Interessei-me em saber algo mais e pedi-lhe para me explicar que evento era aquele, mas ela não tinha tempo. Era a encarregada de falar ao microfone, de conduzir a pauta do evento e outras coisas mais. Eu podia descer vinte e quatro degraus até o subsolo e obter todas as explicações com a professora fulana-de-tal, que não se encontrava. Depois disso topei com um sujeito com cara de personagem à procura de um autor que estava numa barraquinha expondo seus livros. Pareciam impressos na própria cidade, com qualidade gráfica sofrível. Eram versos melancólicos, retratando essas nossas vivências que, sempre que escrevemos, procuramos disfarçar, pensando que as pessoas não saberão disso, jamais. Olhando ora para ele, ora para seus livros, naquele ambiente onde havia uma manifestação de cultura em praça pública, perguntei pela Adélia Prado.
- Ela esteve aqui ontem, mas muito rapidamente. Fizeram-lhe uma pequena homenagem e ela foi embora. Hoje não esteve ainda e nem sei se virá. Ela é muito arredia a estes acontecimentos.

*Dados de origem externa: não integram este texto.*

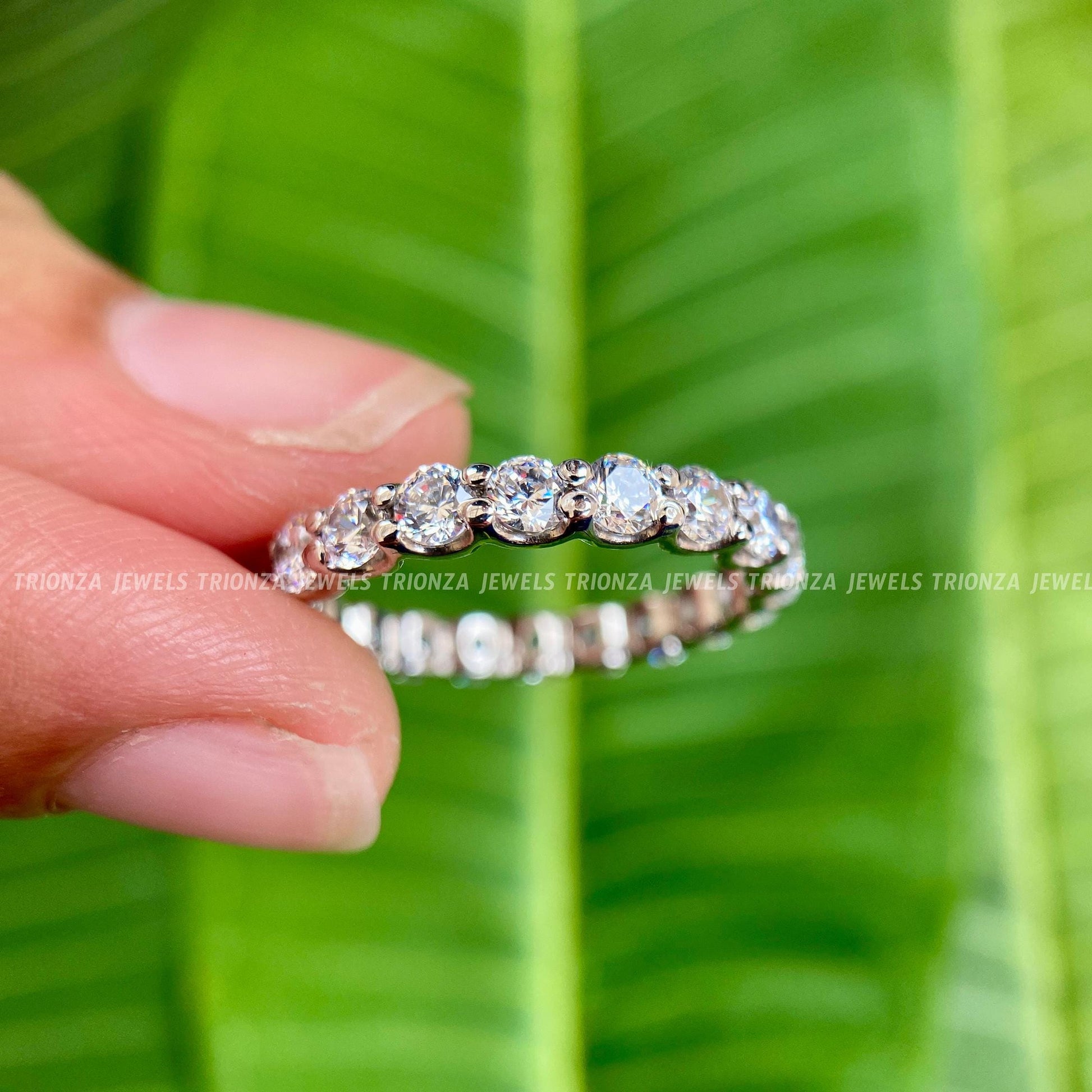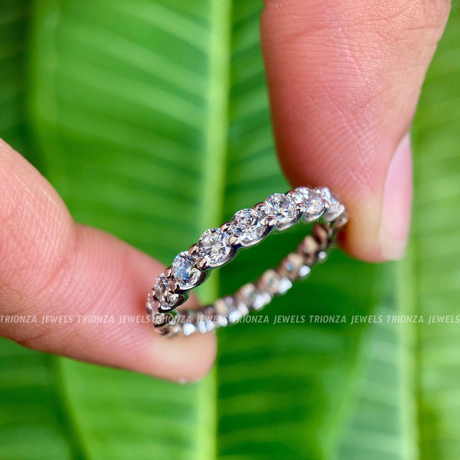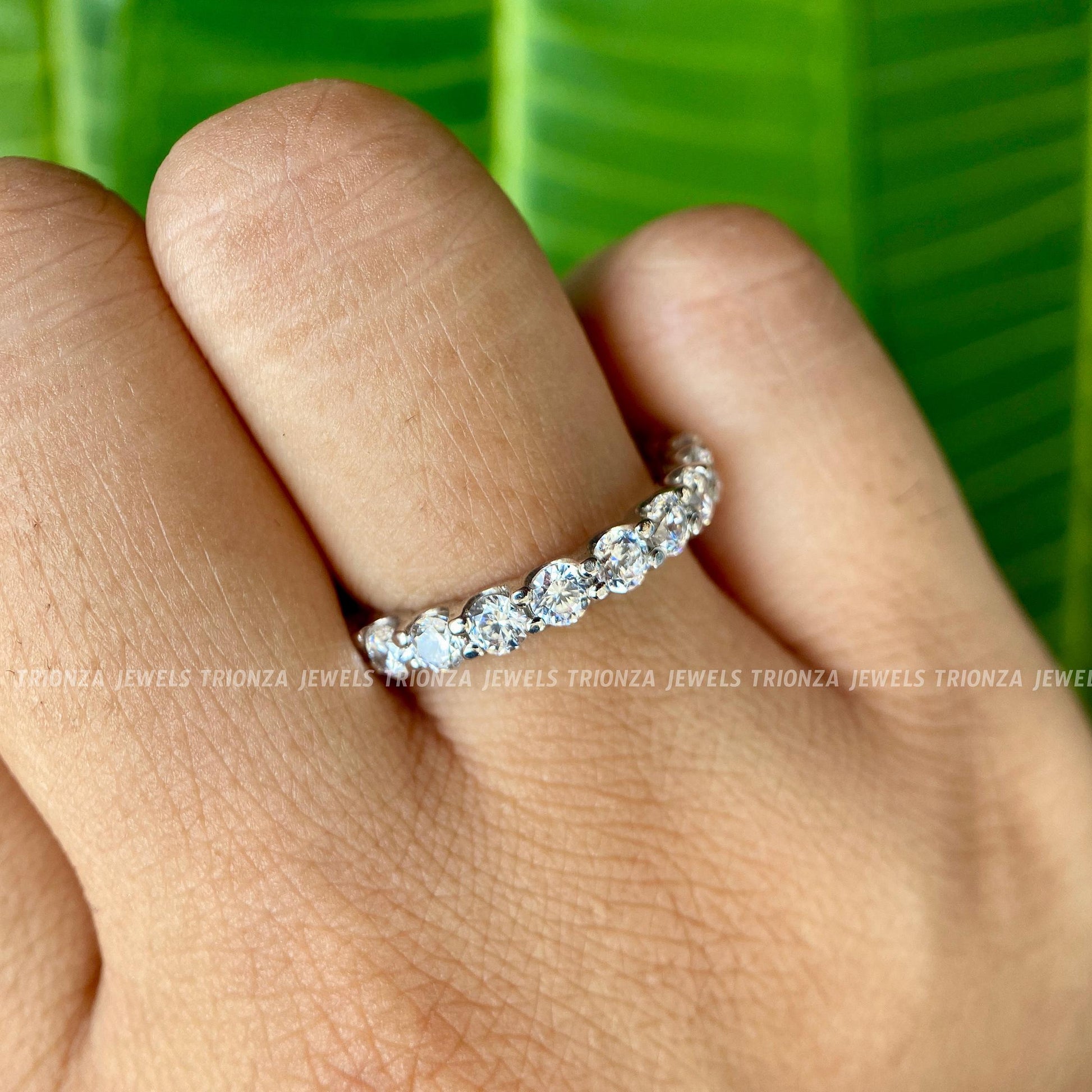Discover our stunning 3mm Moissanite Full Eternity Band, a perfect U Prong Stackable Wedding Ring or Anniversary Gift. This brilliant cut eternity band features D/E color and VVS clarity moissanite diamonds, offering an an eco-friendly and ethical alternative to traditional diamonds.

Agradeci, mas não comprei nada. Também não perguntei se os livros estavam à venda ou se eram para doação. Estava me sentindo tão bem naquela praça que eu não estava querendo ir embora - embora a bagagem já estivesse no carro e eu tivesse planos de pegar a estrada e dormir longe dali naquela noite. A mulher, que fazia o papel de mestre-de-cerimônias, pediu um tempo e disse que dali a pouco novos sorteios iam ser feitos. Que era para ninguém ir embora. E por causa do pedido, que não me fora dirigido, eu fiquei.
Acho que eu tinha uma secreta esperança de que a Adélia fosse aparecer por lá. E o que eu diria pra puxar conversa? Iria perguntar como ela sente a poesia? Sou tímido diante de celebridades e ela também ainda não deve ter se acostumado ao fato de ser uma personalidade, um vulto da literatura contemporânea brasileira. Quando ela fala publicamente em suas entrevistas, parece não ter a exata consciência de sua dimensão no contexto dos intelectuais. Ou então é arredia mesmo.
Ah, como eu gostaria – acho que todo mundo! – de ter o talento de Adélia para tirar a poesia do nada, como se fosse um Pablo Neruda de saias.
“Um corpo quer outro corpo / Uma alma quer outra alma e seu corpo / Este excesso de realidade me confunde / Jonathan falando: parece que estou num filme / Se eu lhe dissesse você é estúpido ele diria sou mesmo / Se ele dissesse vamos comigo ao inferno passear eu iria”. Quanta inveja branca!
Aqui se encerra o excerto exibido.